_Material for this exercise_
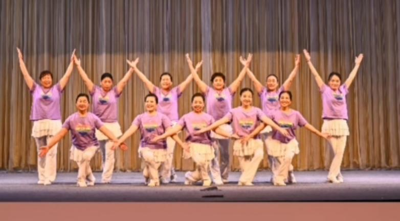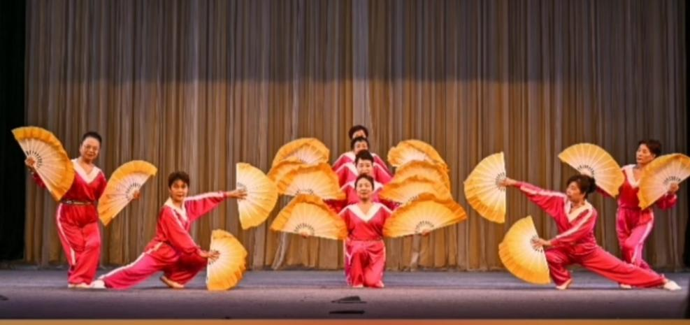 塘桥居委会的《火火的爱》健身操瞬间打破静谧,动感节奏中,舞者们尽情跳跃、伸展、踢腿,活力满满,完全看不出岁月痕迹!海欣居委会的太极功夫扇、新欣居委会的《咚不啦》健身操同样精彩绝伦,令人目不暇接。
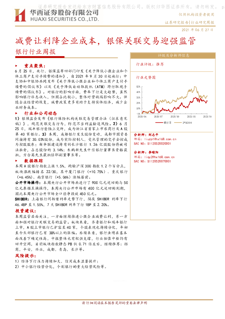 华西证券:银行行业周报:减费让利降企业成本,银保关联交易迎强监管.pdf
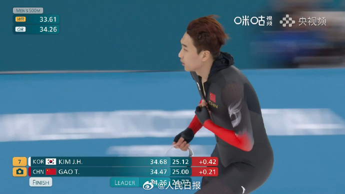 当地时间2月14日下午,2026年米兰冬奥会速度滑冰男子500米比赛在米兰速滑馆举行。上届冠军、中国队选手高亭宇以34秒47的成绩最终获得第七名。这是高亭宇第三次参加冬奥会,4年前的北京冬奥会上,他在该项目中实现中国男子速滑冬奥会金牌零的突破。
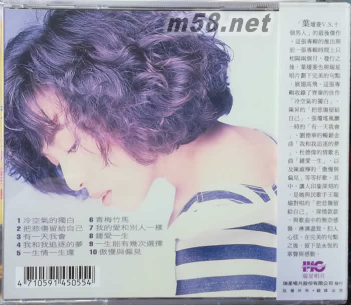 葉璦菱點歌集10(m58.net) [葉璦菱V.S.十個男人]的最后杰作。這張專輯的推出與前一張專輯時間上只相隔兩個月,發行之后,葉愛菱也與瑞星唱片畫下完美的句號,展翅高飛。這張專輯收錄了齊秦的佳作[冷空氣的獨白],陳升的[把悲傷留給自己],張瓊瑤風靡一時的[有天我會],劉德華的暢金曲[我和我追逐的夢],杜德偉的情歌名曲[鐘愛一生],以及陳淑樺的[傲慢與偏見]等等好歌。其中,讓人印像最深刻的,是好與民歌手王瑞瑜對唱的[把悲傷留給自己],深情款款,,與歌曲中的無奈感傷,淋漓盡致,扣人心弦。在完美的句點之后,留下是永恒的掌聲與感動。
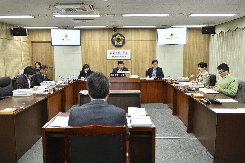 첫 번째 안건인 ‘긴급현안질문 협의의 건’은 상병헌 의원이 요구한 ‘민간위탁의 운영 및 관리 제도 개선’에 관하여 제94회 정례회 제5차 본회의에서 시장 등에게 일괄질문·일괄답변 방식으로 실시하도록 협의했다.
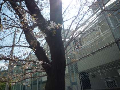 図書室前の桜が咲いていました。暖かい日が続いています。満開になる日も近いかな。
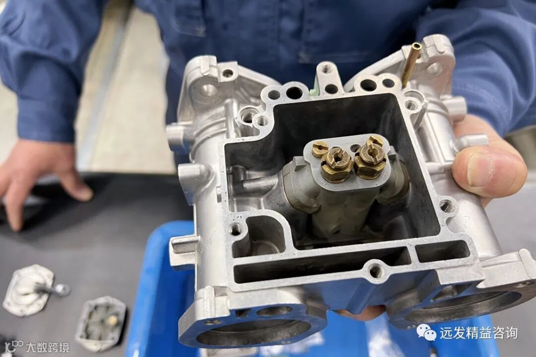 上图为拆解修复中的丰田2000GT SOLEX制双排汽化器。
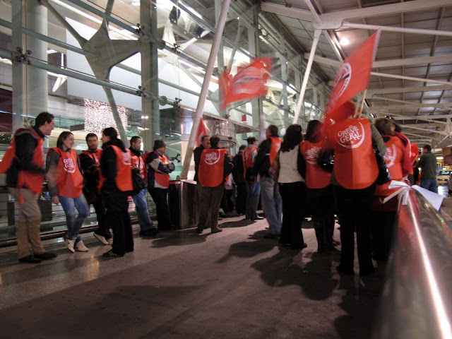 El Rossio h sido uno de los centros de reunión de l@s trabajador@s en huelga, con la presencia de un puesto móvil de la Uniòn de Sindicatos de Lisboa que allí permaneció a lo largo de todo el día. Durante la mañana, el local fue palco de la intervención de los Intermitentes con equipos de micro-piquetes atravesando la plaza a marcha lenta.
==
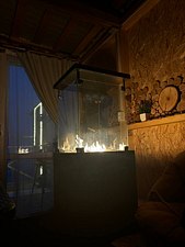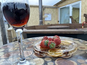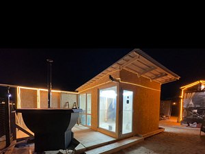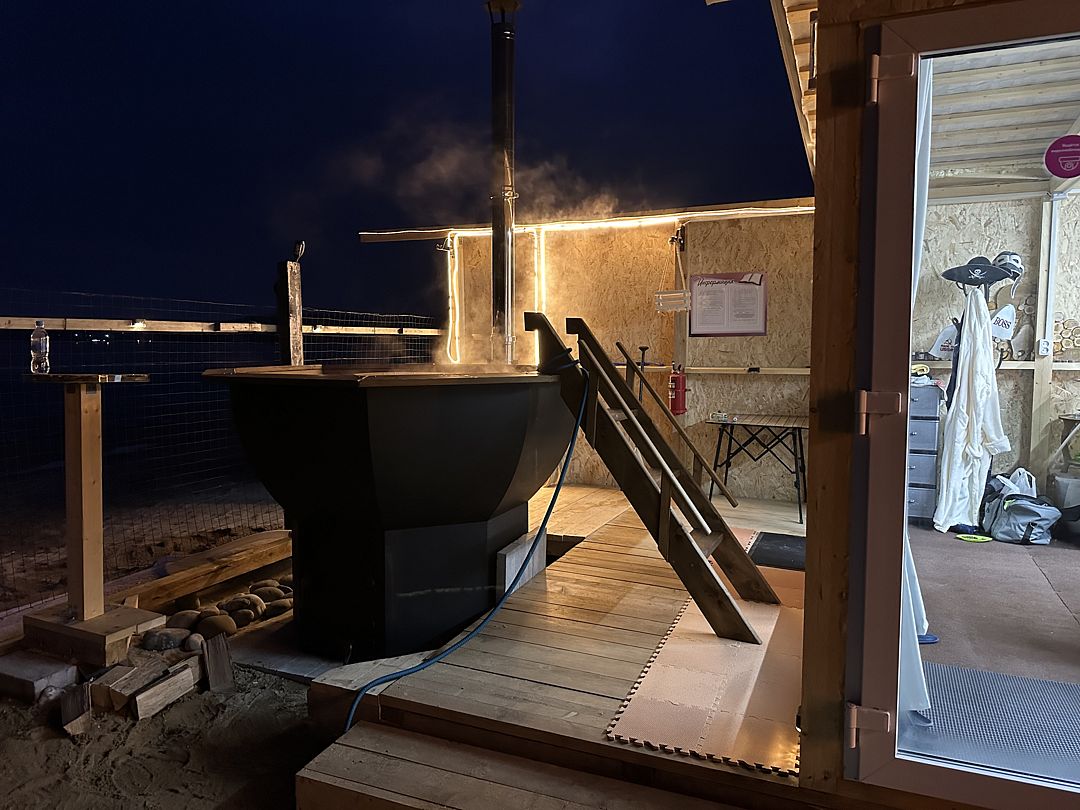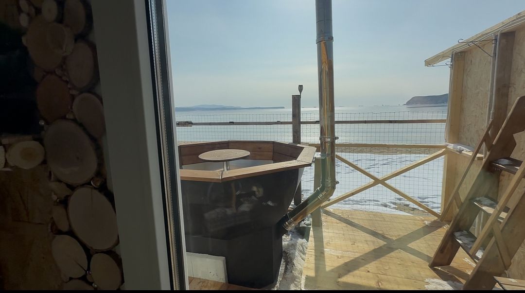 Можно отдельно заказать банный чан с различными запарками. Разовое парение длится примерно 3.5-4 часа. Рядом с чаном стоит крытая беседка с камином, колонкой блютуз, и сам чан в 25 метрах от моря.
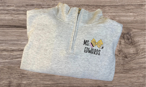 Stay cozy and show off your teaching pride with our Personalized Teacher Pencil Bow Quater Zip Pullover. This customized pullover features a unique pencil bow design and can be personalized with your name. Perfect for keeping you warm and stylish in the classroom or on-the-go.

_Work item_
Only one stretch of the listing above is to be duplicated: the lines from the one containing "华西证券:银行行业周报:减费让利降企业成本,银保关联交易迎强监管.pdf" through the one containing "첫 번째 안건인 ‘긴급현안질문", both included. Copy them exactly, minus the pictures.

_Result of this exercise_
 华西证券:银行行业周报:减费让利降企业成本,银保关联交易迎强监管.pdf
 当地时间2月14日下午,2026年米兰冬奥会速度滑冰男子500米比赛在米兰速滑馆举行。上届冠军、中国队选手高亭宇以34秒47的成绩最终获得第七名。这是高亭宇第三次参加冬奥会,4年前的北京冬奥会上,他在该项目中实现中国男子速滑冬奥会金牌零的突破。
 葉璦菱點歌集10(m58.net) [葉璦菱V.S.十個男人]的最后杰作。這張專輯的推出與前一張專輯時間上只相隔兩個月,發行之后,葉愛菱也與瑞星唱片畫下完美的句號,展翅高飛。這張專輯收錄了齊秦的佳作[冷空氣的獨白],陳升的[把悲傷留給自己],張瓊瑤風靡一時的[有天我會],劉德華的暢金曲[我和我追逐的夢],杜德偉的情歌名曲[鐘愛一生],以及陳淑樺的[傲慢與偏見]等等好歌。其中,讓人印像最深刻的,是好與民歌手王瑞瑜對唱的[把悲傷留給自己],深情款款,,與歌曲中的無奈感傷,淋漓盡致,扣人心弦。在完美的句點之后,留下是永恒的掌聲與感動。
 첫 번째 안건인 ‘긴급현안질문 협의의 건’은 상병헌 의원이 요구한 ‘민간위탁의 운영 및 관리 제도 개선’에 관하여 제94회 정례회 제5차 본회의에서 시장 등에게 일괄질문·일괄답변 방식으로 실시하도록 협의했다.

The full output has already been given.